CLDR Data

There are a few ways to reduce the data size by working on the conversion from CLDR data to ICU.

File selection: The most obvious size reduction is by only including a certain set of data files in an ICU build. File dependencies should be considered, and are partially enforced by icupkg. (For example, for each locale resource bundle, its parent bundle should be included.) The res_index.txt file should be updated (and res_index.res regenerated) when the set of resource bundles in a locale tree changes.

Translation selection: Even when files for a smaller set of languages are selected, those still contain translations for all the languages/regions/time zones etc. for which CLDR has data. Example: If only English (en*.txt) and Japanese (ja*.txt) bundles are used, they still contain display names for the languages French, Thai, Zulu and hundreds of others. A white list of such entities could drive both the file selection and the selection of strings inside the resource bundles. Intra-file selection would have to be done with the LDML2ICUConverter. Investigate whether it is sufficient to create a config.xml file for this.

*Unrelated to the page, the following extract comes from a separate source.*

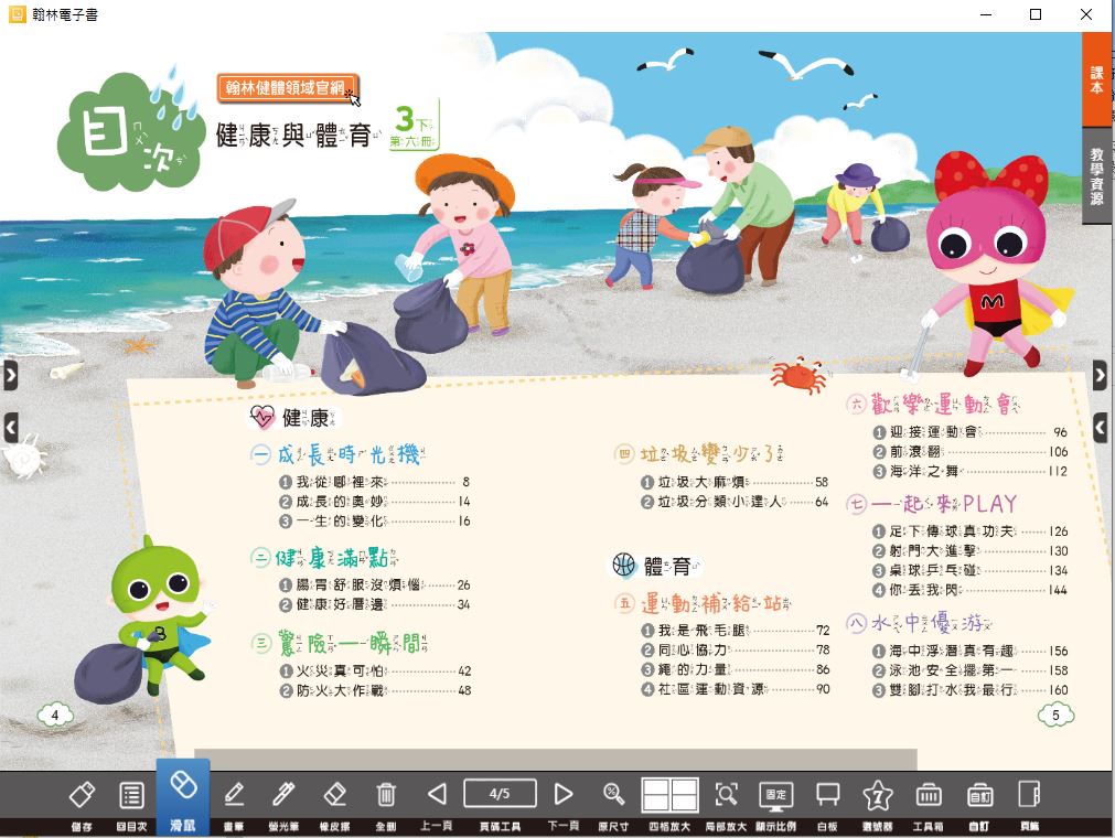 DAE0755--112學年下學期 國小 南一版 健康與體育電子書 5年級(含課本、習作含解答、隨堂練習、作業簿含解答、自學診斷評量)教學光碟

Shorter keys: Even with key suffix sharing, ICU 4.2 resource bundles contain nearly 500kB of key string characters. (Most data is stored as key/value pairs.) It might help to use shorter keys, where they are arbitrary (that is, keys like "abbreviation", but not date/time pattern skeletons or transliterator IDs, nor otherwise data-driven, etc.). Requires changes in both the LDML2ICUConverter and in the runtime code (which should be able to use both the old and the new keys). For more about keys, see the Keys page.

Smaller values:

- Rule strings: Remove comments and non-essential white space. (Already done for collation by LDML2ICUConverter and genrb.) No runtime change.
- Rule strings: Use more compact syntax. For example, in collation, a special sequence-of-primary-differences syntax like in CLDR. Addition to builder code.
  - Note: It is tempting to use fewer characters by replacing a sequence of ASCII characters with a single symbol, for example the collation tertiary difference "<<<". However, this may not help under string value compression which favors ASCII.
- Enumerated values: In some places, we use strings to express enumerated values, for example, "FORWARD" and "REVERSE" in the transliterator data. Consider using small integer values instead, or compression-friendly short ASCII strings. Requires runtime change (should support both old and new values) and may reduce readability (which is probably ok). Size reduction may not be large because of string duplicate elimination and string compression.